Superimposed Visualization for Multi-Attribute Data: The problem with understanding data often relates to the complexity of the analyzed phenomenon and the fact that data simultaneously captures multiple attributes that need to be understood at the same time. Overlaying more information does not provide better readability due to the fact that they compete for the same screen estate. A guidance on this decision making is expected to be established.

Temporal Changes and Interpretation Ambiguity: A computational model is used in many real-world situations to simulate possible developments of a certain process. Visualization is a promising approach to ana-lyze such data, but straightforward visual playback will not uncover hidden causal relationships. An abstraction of the simulated process itself will thus be a crucial analytical instrument.

Addressing Large Scale Changes: In most real world applications, information need to be studied on vastly different scales. We hope to develop visual representations that support the scale traversal through abstractions that can cover multiple orders of magnitudes. Current visual abstraction approaches, however, only cover relatively small scale ranges.

Encoding Uncertainty: Data uncertainty in visualization is often conveyed through techniques developed in descriptive statistics. One challenge that visualization community attempts to address is how to convey the distribution or uncertainty visually for dimensions higher than two—even 3D data representation struggles with how to convey data and uncertainty simultaneously.
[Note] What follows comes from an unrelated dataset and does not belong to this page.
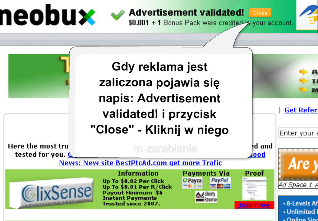 6. Gdy zaliczysz reklamę, pojawi się napis: Advertisement validated! i pomarańczowy przycisk „Close”. Naciśnij ten przycisk, aby powrócić do strony z kolejnymi płatnymi reklamami.

Perceptional Recognizability and Cognitive Scalability: Advanced visualization normally requires users’ domain knowledge for better utilization. Once new abstraction models have been developed, what paradigms are potentially enabled by these modalities? Can domain experts or the public understand the new representation?How do we evaluate them?

Generic Platforms for Supporting Analysis through Abstraction Techniques: Until recently, there is a wide range of different design frameworks, development platforms and cross-platform tools based on the application domain of the abstraction techniques. Nonetheless, a specific design or focus on the involvement of abstraction techniques should be investigated.